Это жизненное, не логическое, но сверхлогическое единство наук в самом наукотворце и в материнском лоне жизни преодолевает их взаимную непроницаемость и раздробленность.
Действительность вненаучная и, в известном смысле, сверхнаучная отличается от научной, "категориально" оформленной действительности не только своей аморфностью, но и полнотой и глубиной, непосредственностью или "наивностью" переживания. Какая же действительность действительнее: научная или вненаучная? Наукою ли в "чистой логике" установляется бытие, реальность, действительность, или же это лишь логические тени, предполагающие необходимо наличность отбрасывающих их предметов? Есть ли реальность "дифференциал" (по изобретению Когена), т. е. логически-математическое понятие, или же реальность "дана", хотя и в сыром виде? Или, говоря конкретнее, что более действительно: мое впечатление музыки и красок или же соответственные математические формулы звуковых и световых волн? Жизненно действительно только непосредственное переживание, прав лишь наивный реализм. Жизнь всегда наивна, как наивна всякая целостность и непосредственность. Научная же, условная, рефлектированная действительность всегда имеет значение лишь в известном смысле, в известном отношении. Если бы науке даже удалось всю вселенную понять как механизм, идущий с правильностью часов, если бы для науки с ее условными ориентировочными построениями такая конструкция и оказалась бы наиболее удобной, жизнь в царственной непосредственности своей была бы этим столь же мало угрожаема, как пейзаж не становится менее красочным и прекрасным оттого, что подвергается во всевозможных направлениях топографическим съемкам и изображается на разных планах. И "ученик" Адриана Сикста (в романе Бурже "Le Disciple") напрасно так испугался формул своего учителя, что потерял веру в жизнь и подлинность научной действительности поставил выше жизненной: он мог бы спокойно остановиться на мысли, что если его учитель и прав, то некоторой низшей, условной, ограниченной правотой, и отнюдь не в состоянии зачерпнуть море ситом.

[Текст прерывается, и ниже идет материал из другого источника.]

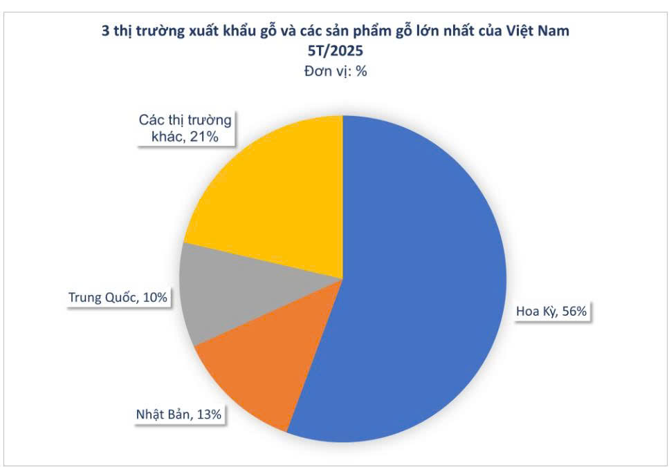 Mỹ tiếp tục là thị trường xuất khẩu lớn nhất của gỗ và sản phẩm gỗ Việt Nam, chiếm tới 55,6% tổng kim ngạch với hơn 3,78 tỷ USD trong 5 tháng, tăng 13,5% so với cùng kỳ. Riêng tháng 5/2025, xuất khẩu sang Mỹ đạt 852,01 triệu USD, tăng 6,6% so với tháng 4 và tăng mạnh 25,9% so với tháng 5/2024. Đáng chú ý, thuế suất đồ gỗ Việt xuất sang Mỹ hiện ở mức 0%.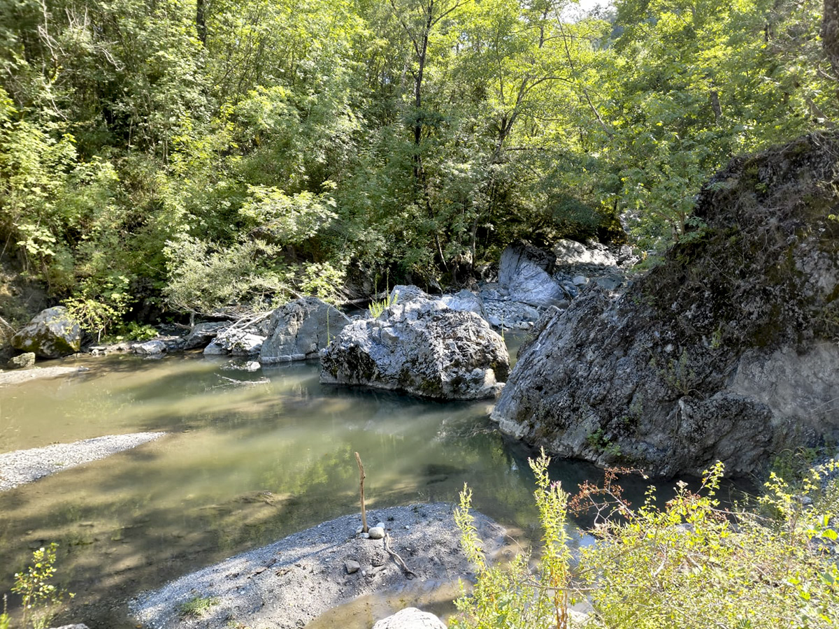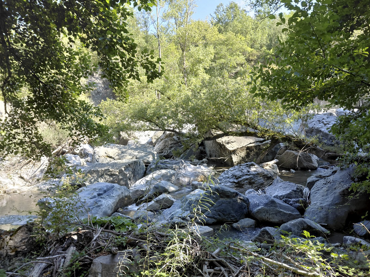 Lungo il sentiero si è circondati da un paesaggio di grande fascino, dove la forza della natura si manifesta in tutta la sua imponenza. Enormi massi modellati dal tempo e dall’acqua creano un’atmosfera quasi magica, mentre salti d’acqua cristallina riempiono l’aria con il suono melodioso dell’ambiente incontaminato. La vegetazione rigogliosa, con alberi e piante tipici dell’ecosistema fluviale, offre frescura e uno spettacolo di colori che cambia con le stagioni.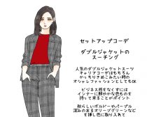 一気にキャリアウーマン感が出るセットアップといえばスーツのセットアップ。とくに一昨年頃からはダブルジャケットのセットアップがオシャレさんを中心に人気が高まっています。仕事着としてはもちろんのこと、キレイめコーデの新定番としてもぜひ取り入れていただきたいコーデですね。
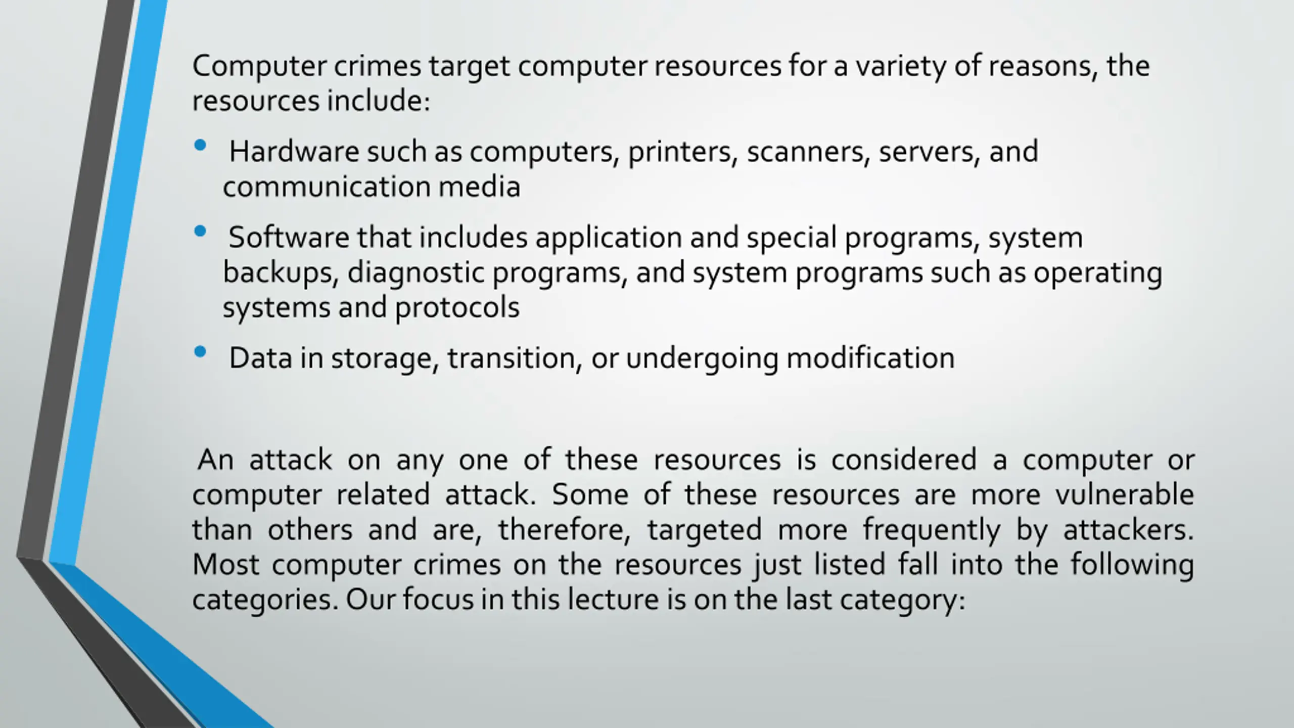 Computer crimes target computer resources for a variety of reasons, the resources include: Hardware such as computers, printers, scanners, servers, and communication media Software that includes application and special programs, system backups, diagnostic programs, and system programs such as operating systems and protocols Data in storage, transition, or undergoing modification An attack on any one of these resources is considered a computer or computer related attack. Some of these resources are more vulnerable than others and are, therefore, targeted more frequently by attackers. Most computer crimes on the resources just listed fall into the following categories. Our focus in this lecture is on the last category:

Признание относительности научных положений и их обусловленности, их антропоморфности, есть один из самых замечательных фактов современного научно-философского сознания. Это не та относительность всякого знания, которая проповедовалась позитивизмом О. Конта, ибо именно позитивизм имел наивную догматическую веру в науку, последняя и была для него вслух отрицаемым абсолютом:
Sie tranken heimlich den Wein Und predigten öffentlich Wasser[129].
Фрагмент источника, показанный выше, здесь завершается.